• [PROBLEM REQUIREMENTS]
The required output holds only the lines from the one containing "真作 森田茂 油彩「朱富士」画寸" through the end of the material below, copied exactly, please, with no pictures.

• [INPUT DATA]
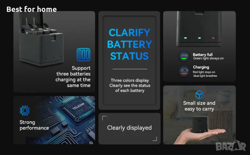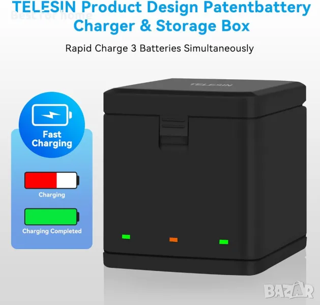 ◀ Кутията за зареждане съдържа 3 отделни батерийни клетки за батерия, позволява едновременно зареждане на 3 батерии Hero 8/7/6/5, може да се използва като зарядно устройство за батерии и заредена кутия за съхранение.
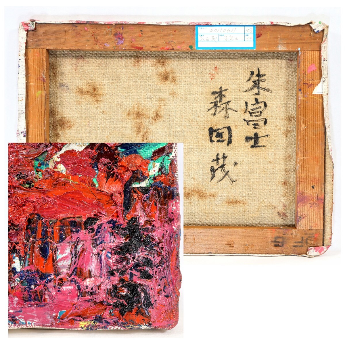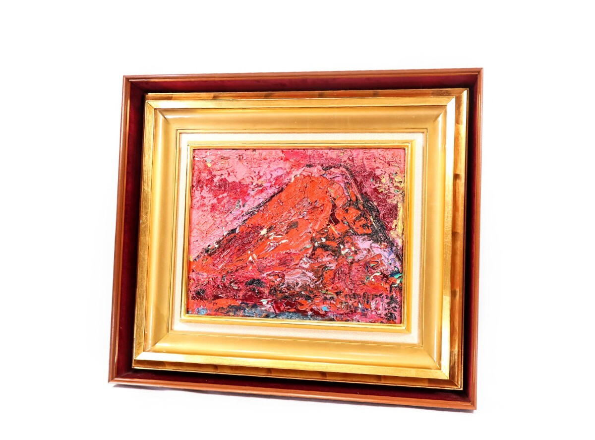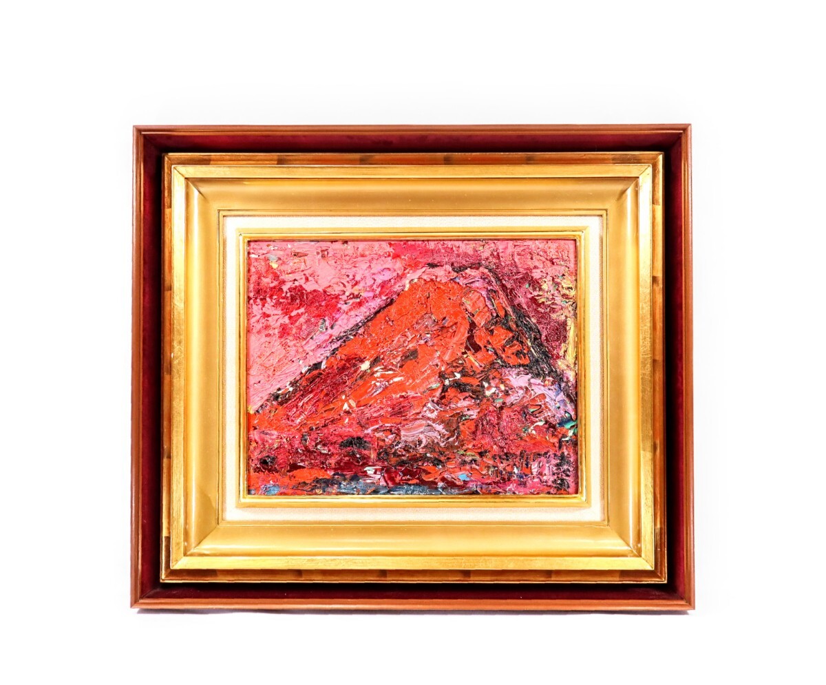 真作 森田茂 油彩「朱富士」画寸 F6 茨城県出身 日本芸術院会員 原色を多用、力強く重厚な筆致 生命力溢れる富嶽の雄姿 立派な額装 10521
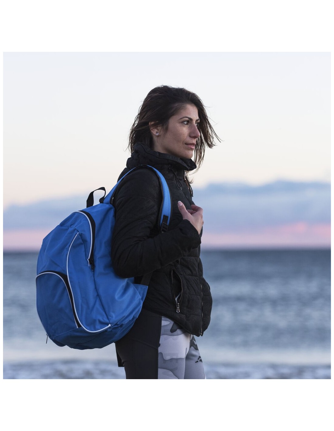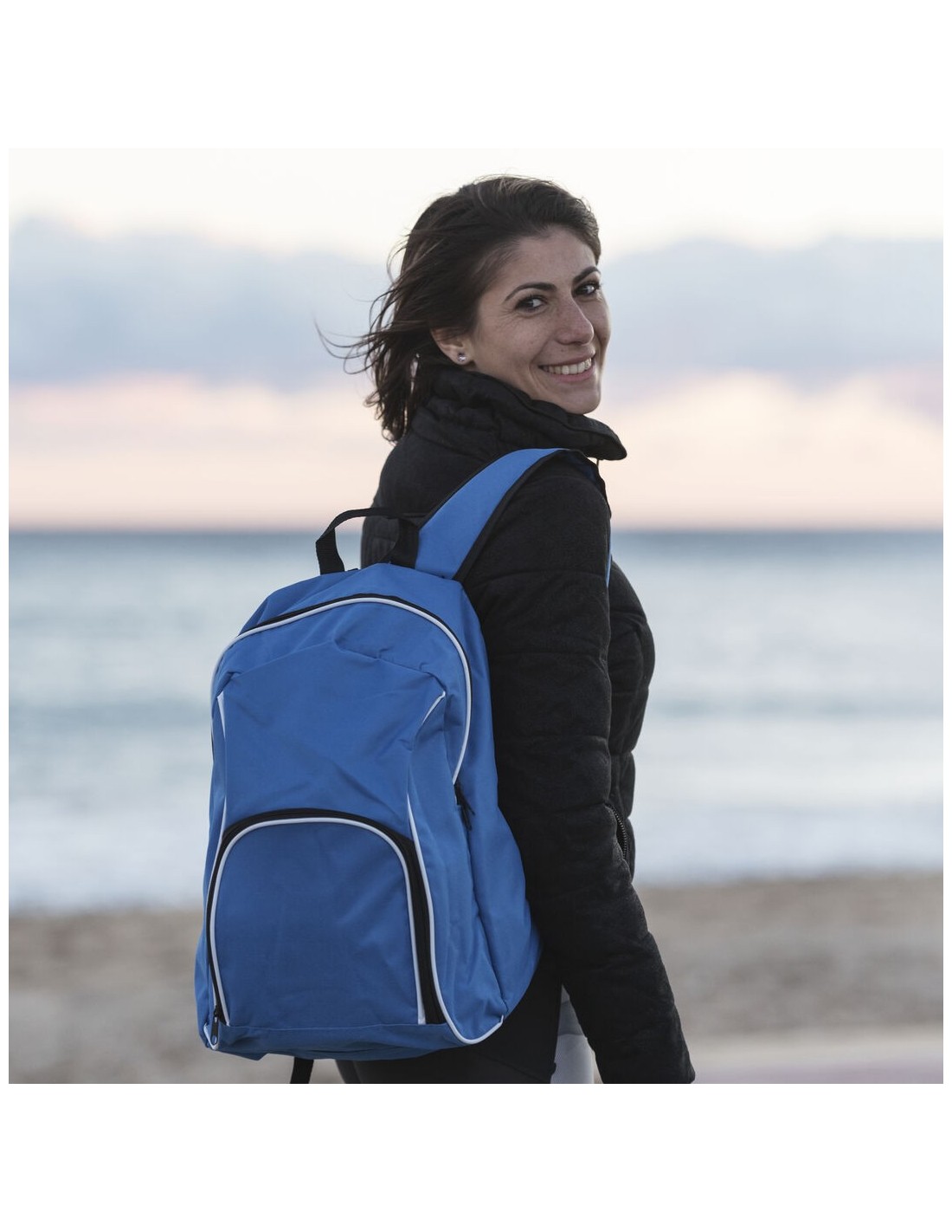 Mochila en resistente poliéster 600D de desenfadado diseño en variada gama de colores y con ribete de refuerzo en color blanco. Con cierre de cremallera de doble tirador, bolsillo frontal y bolsillos de redecilla elástica en los lados. Esquinas reforzadas

• [SOLVED PROBLEM]
 真作 森田茂 油彩「朱富士」画寸 F6 茨城県出身 日本芸術院会員 原色を多用、力強く重厚な筆致 生命力溢れる富嶽の雄姿 立派な額装 10521
 Mochila en resistente poliéster 600D de desenfadado diseño en variada gama de colores y con ribete de refuerzo en color blanco. Con cierre de cremallera de doble tirador, bolsillo frontal y bolsillos de redecilla elástica en los lados. Esquinas reforzadas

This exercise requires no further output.